Einheitlichkeit ist kein Einheitsbrei

Immer wieder kommt es in Texten, die ich zu korrigieren habe, vor, dass ich für ein und dasselbe Wort verschiedene Schreibweisen oder für ein und dieselbe Person unterschiedliche Namensformen finde. Damit meine ich nicht nur die Entscheidung für eine bestimmte Transkription, von der in diesem Blog an anderer Stelle bereits die Rede war. Natürlich sollte auch dabei die einmal gewählte Form unbedingt beibehalten werden. Hat man sich einmal entschlossen, beispielsweise den Namen „Victoria“ mit V und C wiederzugeben, wäre es inkonsequent, wenn er an anderer Stelle beispielsweise mit einem K auftauchen würde, sofern dieselbe Person gemeint ist.

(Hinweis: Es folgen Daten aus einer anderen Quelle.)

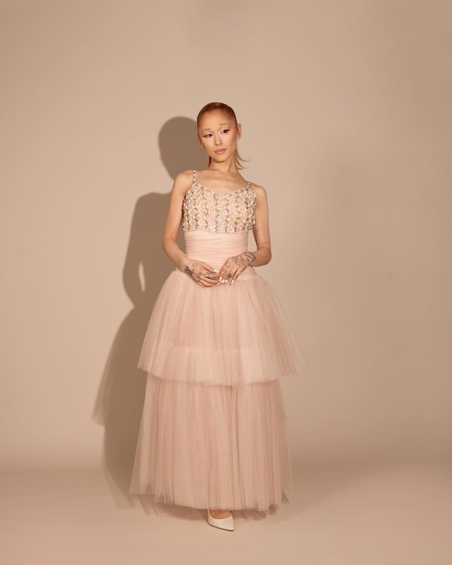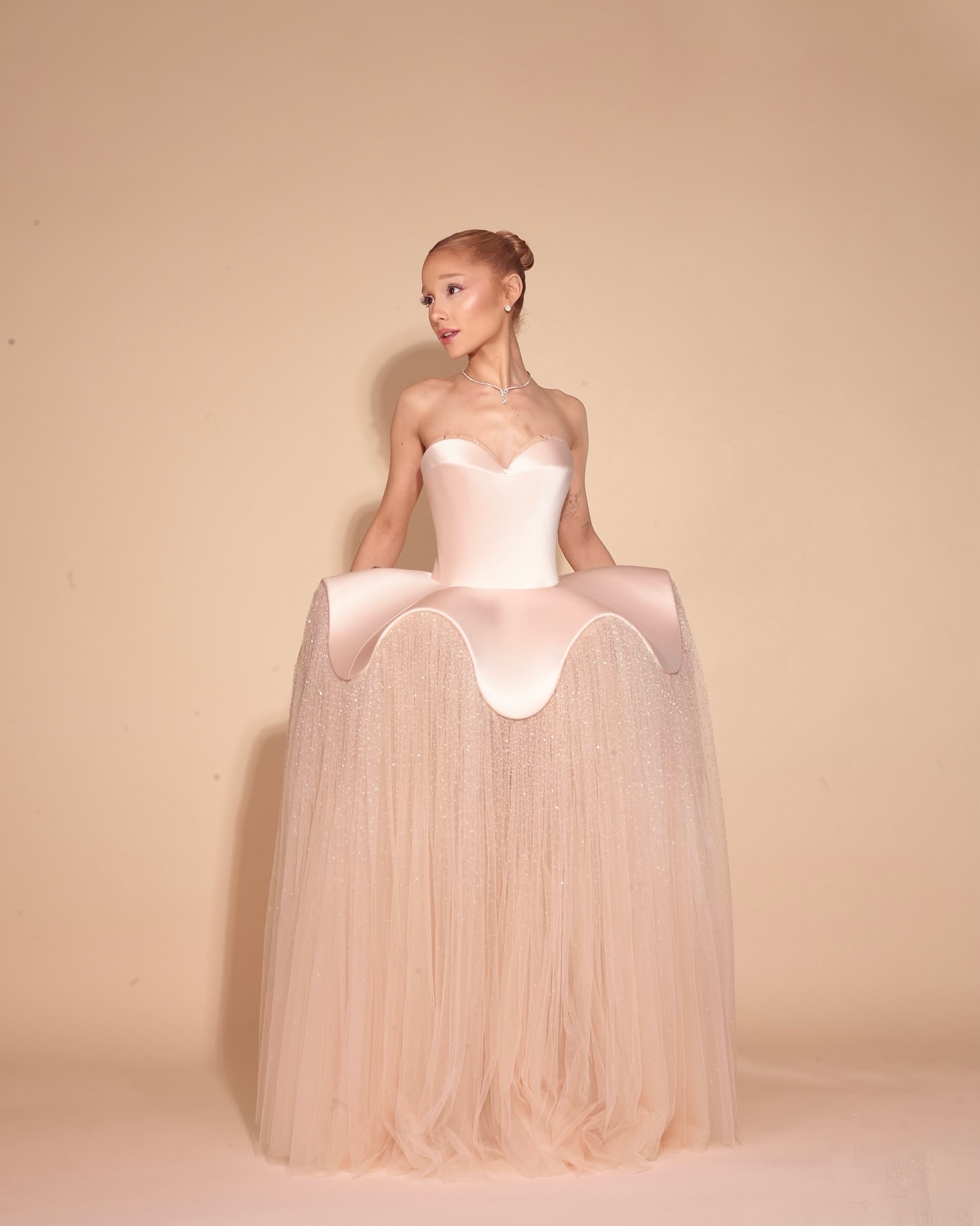 حتى مع الفخامة، حافظت أريانا على الأسلوب البسيط والناعم، مثل فستان Rodarte باللون الزهري الفاتح بطبقات الكشكش وكورسيه أوف شولدر، مع حذاء حريري وردي وقفاز قصير، أو فستان Thom Browne الكلاسيكي، المنفوش عند الأطراف مع فيونكة صغيرة عند الخصر، يمنح الإطلالة لمسة حالمة وأنيقة في آن واحد.
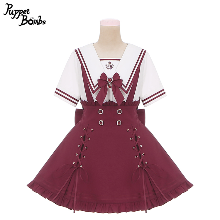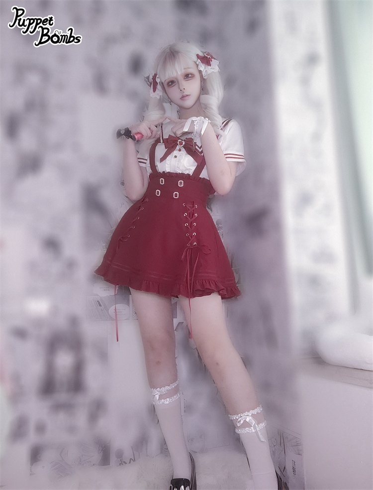 【Puppet Bombs】Q165 ビジューボタンレースアップサス付きスカート【30%OFF】 [Q165]

Schwieriger stellt es sich im Deutschen dar, wenn man auf die im Russischen üblichen Kurzformen zurückgreifen will. Hier ergibt sich das Problem, dass die meisten ausschließlich deutschsprachigen Leser gar nicht wissen, dass es sich bei „Sascha“, „Sanja“ und „Schura“ unter Umständen um ein und dieselbe männliche oder auch weibliche Person handelt, die eigentlich Alexander oder Alexandra heißt. Ebenso wie den wenigsten geläufig ist, dass und warum Namen wie Sonja, Dima, Anja oder Tanja in Russland niemals in einem Pass stehen würden. Dass es sich hierbei um inoffizielle Kurzformen handelt, ist in Deutschland so wenig bekannt, dass man hier durchaus auch auf eine Person treffen kann, die zwei Vornamen hat und „Sascha Alexander“ heißt.

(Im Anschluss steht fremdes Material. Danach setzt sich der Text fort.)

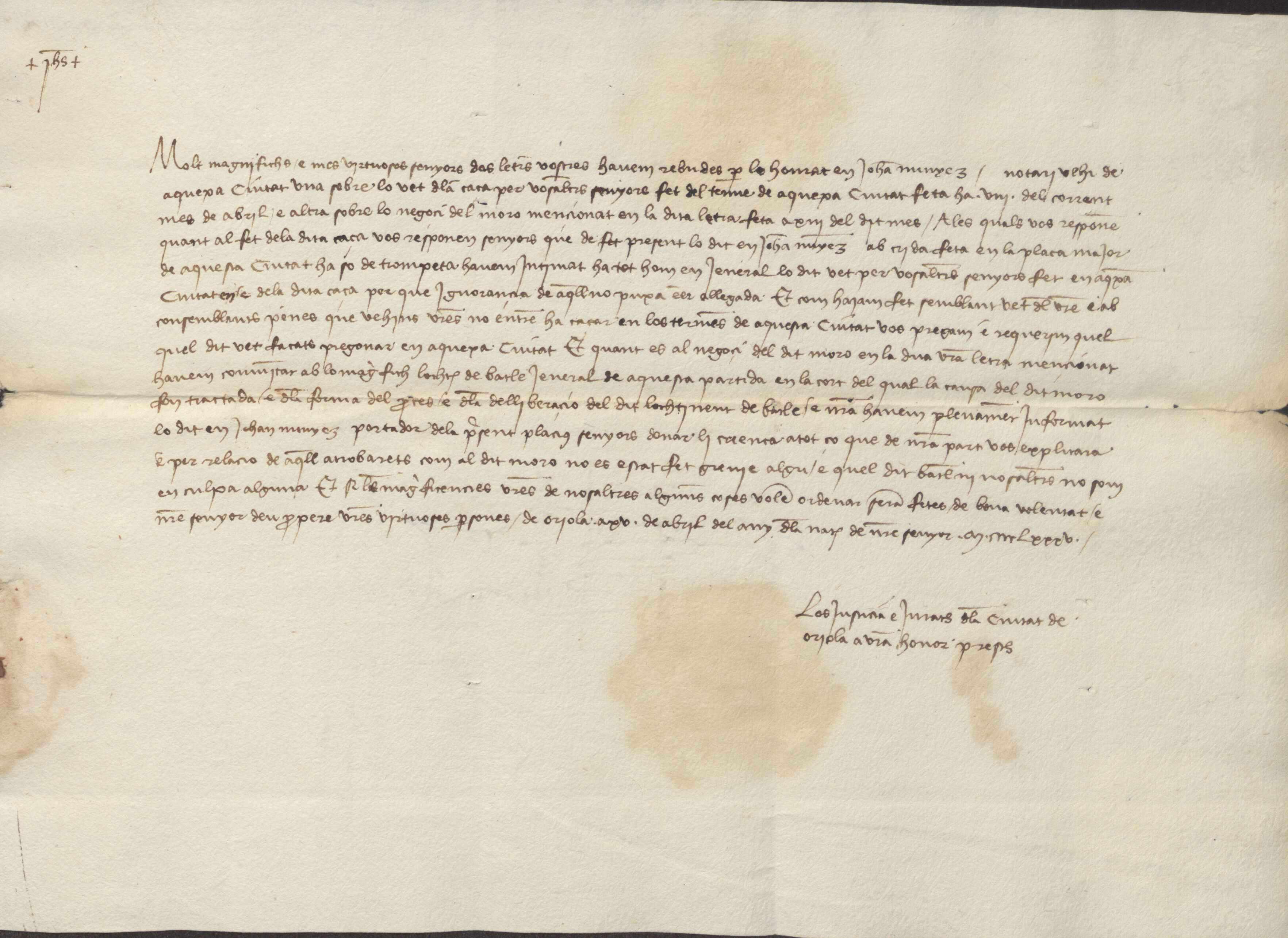 Carta del concejo de Orihuela al concejo de Murcia sobre la veda de caza y el asunto que seguían sobre un moro.

Natürlich ist es klar, dass man gern auch diese Kurzformen verwenden möchte, um einen Text vielseitiger zu gestalten. Dann sollte man aber bei ihrem ersten Auftauchen einen Verweis darauf einbauen, wer damit eigentlich gemeint ist und sich im weiteren Verlauf auf diese eine Kurzform zu dem jeweiligen vollständigen Namen beschränken. Anderenfalls könnte es passieren, dass der Leser sich über die Vielzahl der Personen wundert, die für sein Verständnis nichts miteinander zu tun haben.

Ebenfalls einheitlich gestalten sollte man Bezeichnungen, die man wohl oder übel aus dem Russischen übersetzen muss, beispielsweise für Orte oder Institutionen. Häufig helfen einem hier auch online-Nachschlagewerke weiter, in denen man griffige deutsche Bezeichnungen für die entsprechenden russischen Realia findet.
So ist es natürlich sinnvoll, die „Немецкая Слобода“ in Moskau auch als „Deutsche Vorstadt“ zu bezeichnen, damit jeder sofort weiß, was gemeint ist. Allerdings sollte man diesen Eigennamen dann für den Rest des Textes beibehalten und weder etwas an der Großschreibung ändern noch nach Synonymen suchen und an anderer Stelle beispielsweise vom „deutschen Vorort“ sprechen. Hierbei handelt es sich nämlich nicht um eine durchaus wünschenswerte sprachliche Vielfalt, sondern um die Vermengung von Termini, die beim Leser lediglich Verwirrung stiften.